0050: Event Sourcing for Audit Trail
Date: 2025-11-22
Status: Accepted
Service: book-keeper
Context
Financial systems face stringent regulatory requirements:
- Complete, immutable audit trail of all transactions
- Ability to reconstruct account balances at any point in time
- Tamper-proof record of who did what, when
- Compliance with standards like SOX, GDPR, financial regulations
Traditional CRUD systems struggle with these requirements:
- Updates destroy historical state
- Audit logs are separate from data, can be inconsistent
- Time-travel queries are difficult or impossible
- Proving data integrity is complex
Financial transactions in Book-Keeper must have the highest level of auditability and traceability.
Decision
The Book-Keeper write-side will use Event Sourcing as its core pattern:
-
Events as Source of Truth: All state changes are captured as immutable domain events (e.g.,
JournalEntryPosted,AccountDebited,AccountCredited) -
Event Store: Events are persisted to an append-only event store (see ADR-0048 for storage options)
-
Aggregate Reconstruction: Current state of any aggregate (e.g.,
Journal,Account) is derived by replaying its event stream -
Audit Trail: The event stream IS the audit trail - no separate logging required
-
Immutability: Events are never updated or deleted, only appended
Implementation Pattern
# Command → Events → Persistence
def handle_record_journal_entry(command: RecordJournalEntryCommand):
journal = Journal.create(...) # Creates JournalCreated event
journal.post() # Creates JournalEntryPosted event
event_store.save(journal.id, journal.uncommitted_events)

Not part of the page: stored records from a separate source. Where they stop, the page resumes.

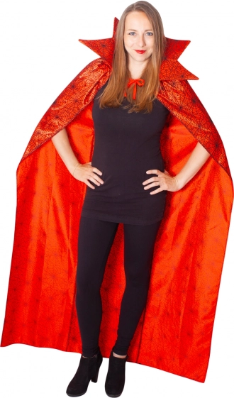 Akimirksniu tapkite paslaptinga persona – raudonas apsiaustas su voratinklio raštu ir aukšta apykakle yra puikus pasirinkimas Helovinui, teminiams vakarėliams, teatro pasirodymams ir kaukių baliams. Blizgus medžiagos efektas ir ryški spalva traukia dėmesį ir pabrėžia jūsų kostiumą.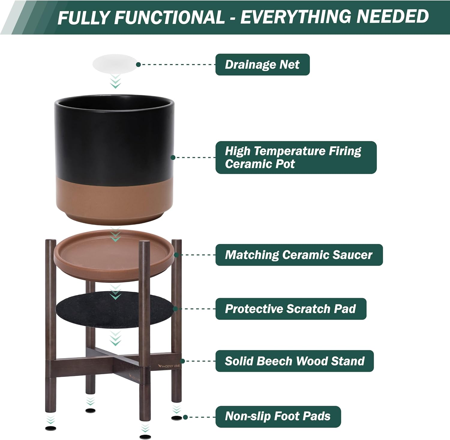 - A Complete Set: Mid-century ceramic planter, combined with a sculptural, solid wood stand that match perfectly together and looks great in anywhere.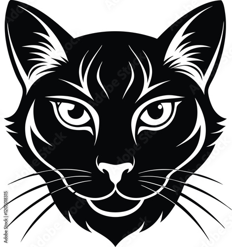 Obraz premium Beautiful animal cat head vector silhouette black color artwork illustration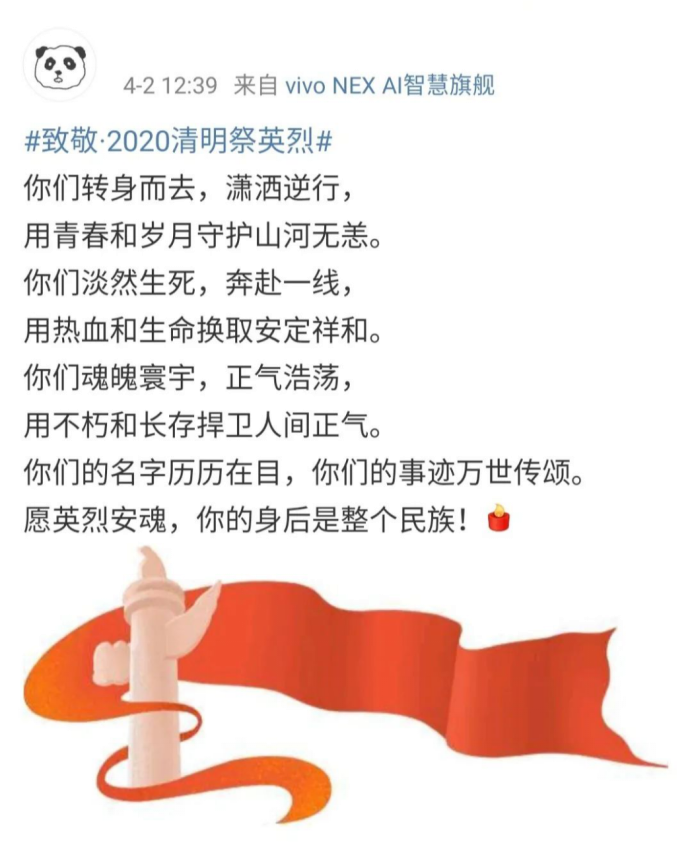 线上,我院全体党员、入党积极分子利用微博平台积极发起“致敬·2020清明祭英烈”“清明祭英烈,我想对您说”等话题讨论,并邀请本团支部团员青年共同参加。字里行间表达对英烈的崇高敬意,展现出新时代青年将英烈精神融入生活实践的良好风貌,让英烈精神不断传承。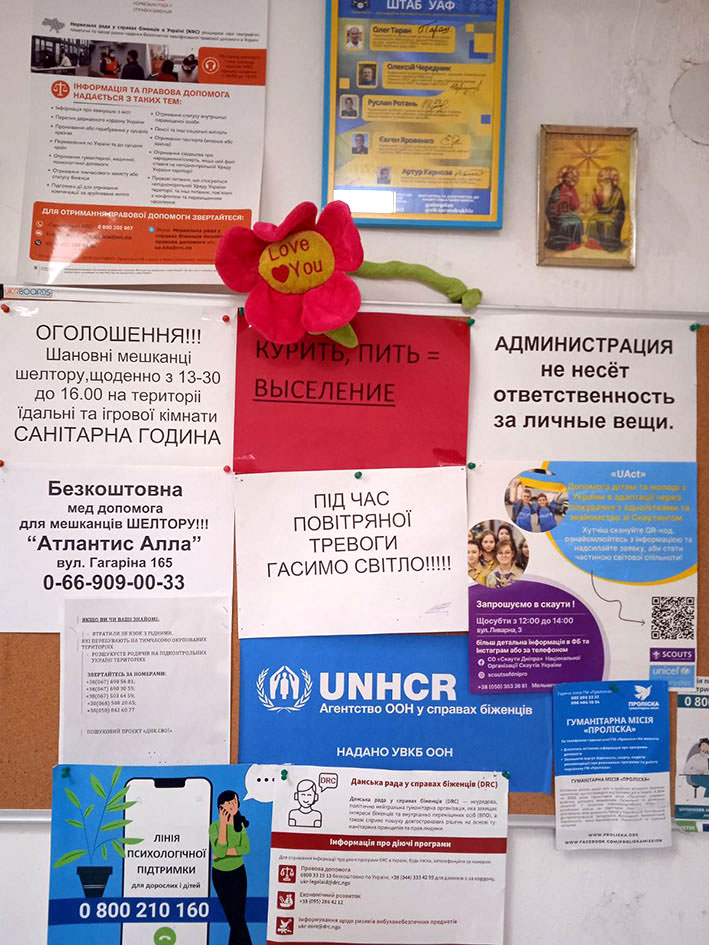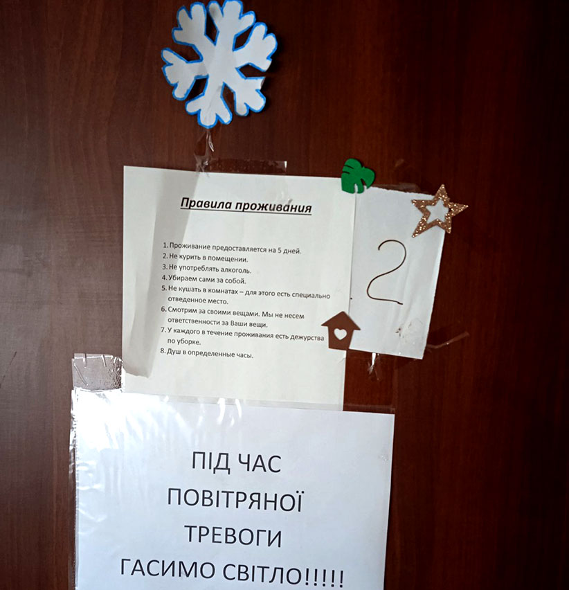 Сергій: – Звісно, є правила проживання у шелтері. Людина заїхала, розписується, що ознайомлена, ми записуємо тільки необхідні дані її. Бо раніше хтось, наприклад, хоче надати допомогу людині, а вона вже виїхала. Або розшукують родичі чи хтось із знайомих, і ми тоді допомагаємо знайтися.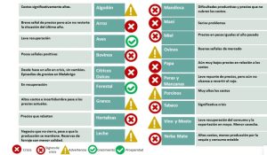De las 19 actividades que releva Coninagro, mientras que 11 muestran un estado crítico y 6 se encuentran en estado de alerta de crisis.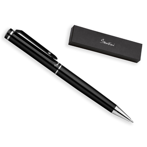 Luxuriöser Drehkugelschreiber der Marke Ferraghini mit schwarzer Lackoberfläche und Flechtmuster in Stoff mit vereinzelten Chromakzenten. Aufbewahrt wird der blau schreibende Metallkugelschreiber (Großraummine) in einem mit Velours ausgelegtem Kunstlederetui mit Magnetverschluss. Ihre Werbung lasern wir auf den Kugelschreiber neben dem Clip.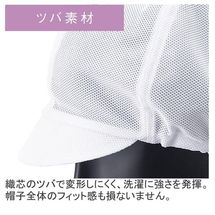 ツバ以外をメッシュ素材にした通気性第一の衛生帽子です。ツバ/織芯、後ろサイズ調整/引出ゴム仕様。ポリエステル100%のソフトメッシュ(細目)を本体生地に使用しています。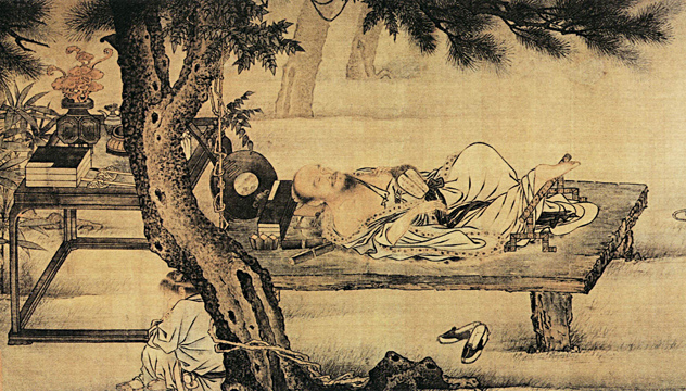 这厮在睡觉,可瞧他旁边的乐器和法帖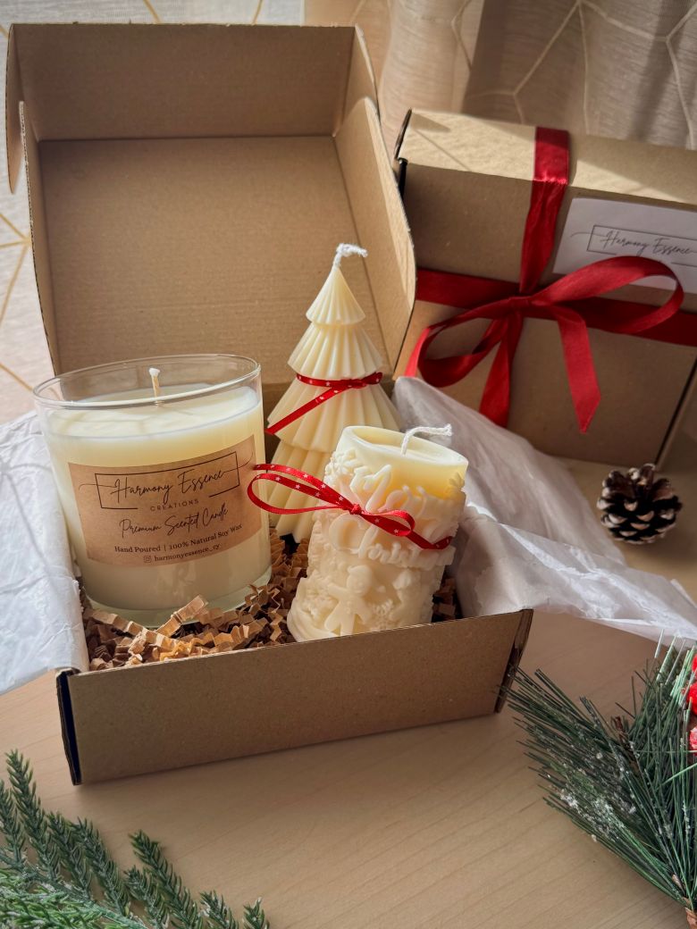 • Christmas Tree Scented Candle: Inspired by the charm of a Christmas tree, this hand-poured soy wax candle brings both the look and scent of the season into your home.

# Events are immutable, append-only
Write-Side vs Read-Side
- Write-side: Event Store (append-only, optimized for writes)
- Read-side: Projections (denormalized views, optimized for queries)
This is CQRS (Command Query Responsibility Segregation).
Consequences
Positive
- Perfect Audit Trail: Every state change is recorded with full context (timestamp, user, command data)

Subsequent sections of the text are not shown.